■ Material provided ■
=== Begin Enclosure ===

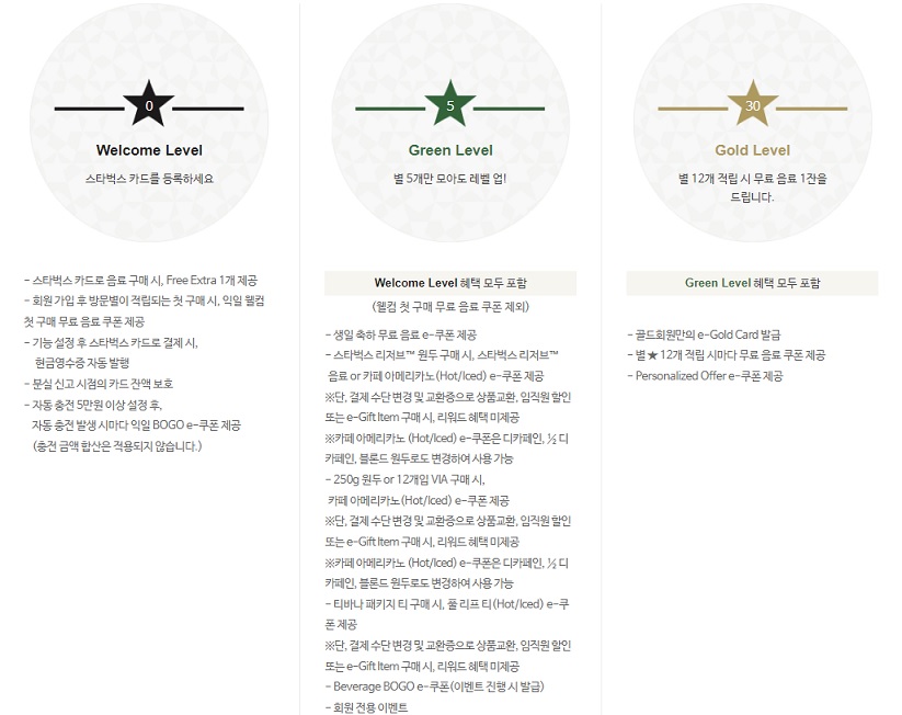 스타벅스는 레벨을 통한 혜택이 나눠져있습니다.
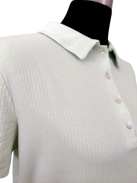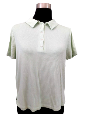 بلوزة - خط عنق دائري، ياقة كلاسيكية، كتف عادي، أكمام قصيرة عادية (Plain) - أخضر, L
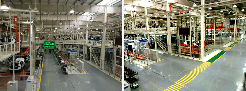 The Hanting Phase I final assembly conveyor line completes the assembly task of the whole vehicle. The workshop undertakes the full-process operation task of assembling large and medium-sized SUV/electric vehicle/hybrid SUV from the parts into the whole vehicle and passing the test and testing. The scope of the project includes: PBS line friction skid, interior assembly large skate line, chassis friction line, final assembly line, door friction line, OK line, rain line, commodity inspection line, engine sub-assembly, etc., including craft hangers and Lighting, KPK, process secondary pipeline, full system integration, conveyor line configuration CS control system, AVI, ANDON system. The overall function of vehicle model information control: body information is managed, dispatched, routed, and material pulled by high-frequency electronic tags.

=== End Enclosure ===

■ What you have to do ■
Leave the images out as you retype each line of the material exactly.

■ Written reply ■
 스타벅스는 레벨을 통한 혜택이 나눠져있습니다.
 بلوزة - خط عنق دائري، ياقة كلاسيكية، كتف عادي، أكمام قصيرة عادية (Plain) - أخضر, L
 The Hanting Phase I final assembly conveyor line completes the assembly task of the whole vehicle. The workshop undertakes the full-process operation task of assembling large and medium-sized SUV/electric vehicle/hybrid SUV from the parts into the whole vehicle and passing the test and testing. The scope of the project includes: PBS line friction skid, interior assembly large skate line, chassis friction line, final assembly line, door friction line, OK line, rain line, commodity inspection line, engine sub-assembly, etc., including craft hangers and Lighting, KPK, process secondary pipeline, full system integration, conveyor line configuration CS control system, AVI, ANDON system. The overall function of vehicle model information control: body information is managed, dispatched, routed, and material pulled by high-frequency electronic tags.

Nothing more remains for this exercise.